Он почему-то был в валенках с галошами – странная обувь для середины октября.

Мария Кондратьевна улыбчиво сказала санитару:

– Не беспокойтесь, Иван Егорович, носилки не понадобятся. Я тут еще побуду, а вы пока отдыхайте. Ночь впереди длинная.

Когда противный мужик вышел, врач вздохнула:

– Извините. Не люблю попадать в одну смену с Козаченко, но ничего не поделаешь. Очень неприятный тип.

– У него серьезные проблемы с печенью – по отекам и оттенку кожи видно, – сказал Клобуков. – Это сильно портит характер. Опять же малокровие – ноги мерзнут. А работа тяжелая, физическая. Бог с ним. Пойдемте чай пить. Ничего, если на кухне?

[Восприятие людей: рациоэмпат]

– Я тоже всегда пью чай на кухне. Самое лучшее место в доме. «Мы с тобой на кухне посидим, сладко пахнет белый керосин. Острый нож да хлеба каравай. Хочешь, примус туго накачай…».

Этих стихов Клобуков не знал. Судя по «белому керосину» и примусу, что-то из двадцатых. Они с Миррой на своей первой квартире тоже жгли керосин и качали примус…

– Пенициллин пенициллином, но на первых порах за больной требуется уход. Вы уверены, что справитесь, Антон Маркович? Может быть, все-таки лучше переправить вашу дочь в больницу? Вы ведь, наверное, приписаны к академической. Там и лекарства, и опытный персонал.

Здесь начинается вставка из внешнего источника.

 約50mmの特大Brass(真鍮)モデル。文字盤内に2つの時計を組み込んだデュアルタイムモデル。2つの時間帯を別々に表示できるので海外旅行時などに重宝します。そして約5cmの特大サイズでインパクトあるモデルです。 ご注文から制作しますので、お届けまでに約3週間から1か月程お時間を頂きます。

– Медицинского смысла в госпитализации нет – нужен просто покой и постельный режим, а для дочери любое перемещение станет шоком. Ничего, пару дней не буду ходить на службу. Только завтра должен, ненадолго – попрошу соседку подежурить в квартире, не заходя к Аде. Она не любит чужих. Я не профессионал по уходу, но кое-какой опыт есть. Если не буду справляться, может быть, найму сиделку в нашем стационаре.

[Самооценка: Рационал]

[1 этап. Рационал-рациоэмпат-рационал 75]

– Вообще-то при выходе из тяжелой пневмонии рекомендуется капельница. В домашних условиях делать ее трудно.

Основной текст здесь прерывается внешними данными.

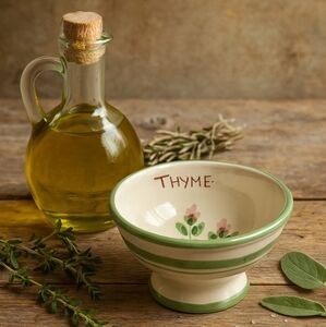 Add a touch of rustic elegance to your table with this delightful Thyme bowl part of the Williams Sonoma Herbs Flora dipping bowl set.

– Мало ли что рекомендуется? – пожал плечами Клобуков. – Всё зависит от индивидуальных особенностей организма. Физически Ада в отменной форме. Незачем накачивать ее химией. Буду делать массаж груди и спины, а остальную работу выполнит сам организм.

[Неконвенц.]

– Но есть ведь и психосоматика. Девушка необычная. Людей подобного устройства, как вы сами говорили, выбивает из колеи всякое нарушение рутины. Непривычные ощущения, страх, тревога могут привести к ухудшению физического состояния, замедлить выздоровление.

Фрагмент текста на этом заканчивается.